STUNNING images of the dark skies above Cumbria have illustrated the importance of protecting it from light pollution say stargazers.

The photos of the aurora borealis, the northern lights, and star trails were taken by Jeremy Hunt chairman of the Cockermouth Astronomy Society.

Today, Saturday, February 22, the society is holding a series of talks and exhibitions, at Moot Hall, Keswick, from 12.15pm to 4pm, on the dark sky and astrophotography in Cumbria.

A later outdoor event, in Crow Park, Keswick, had to be cancelled due to the weather.
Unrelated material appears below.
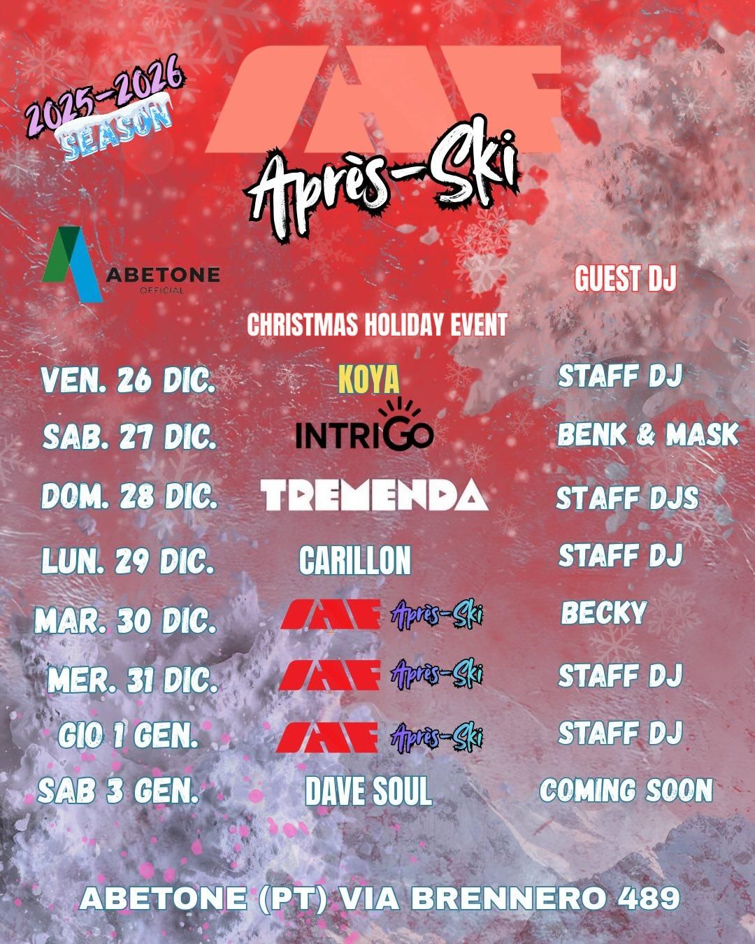 Durante le vacanze di Natale, da venerdì 26 dicembre 2025 a giovedì 1 gennaio e sabato 3 gennaio 2026, presso il parterre dell’ovovia, torna l’appuntamento con Après-ski, per festeggiare immersi nella bellezza dell’Appennino Tosco Emiliano, tra musica e buona compagnia.

The event is being staged because of increasing concern that light pollution is blotting out the night sky.

It's part of a Friend's of the Lake District campaign to get Dark Skies Reserve status in Cumbria by 2022.

Its website states: "Cumbria's dark skies allow us to see the natural wonder of the stars, but are also critical for the health of nocturnal wildlife.

"Sadly light pollution in Cumbria is increasing each year, threatening to obscure our view of the stars and blinding and confusing animals so they can’t feed or find a mate.

"We need urgent action now to stop light pollution.

Jeremy said people could still find dark skies in the county.

He added: "In Cumbria, as long as you're outside the main towns you rapidly get into a dark sky.

"Once you get out there you see a significant difference.

"In towns you may be able to see a couple of hundred stars but if you go out into the country you could see a couple of thousand."

He added that very dark skies could still be found in places like Borrowdale and Ennerdale.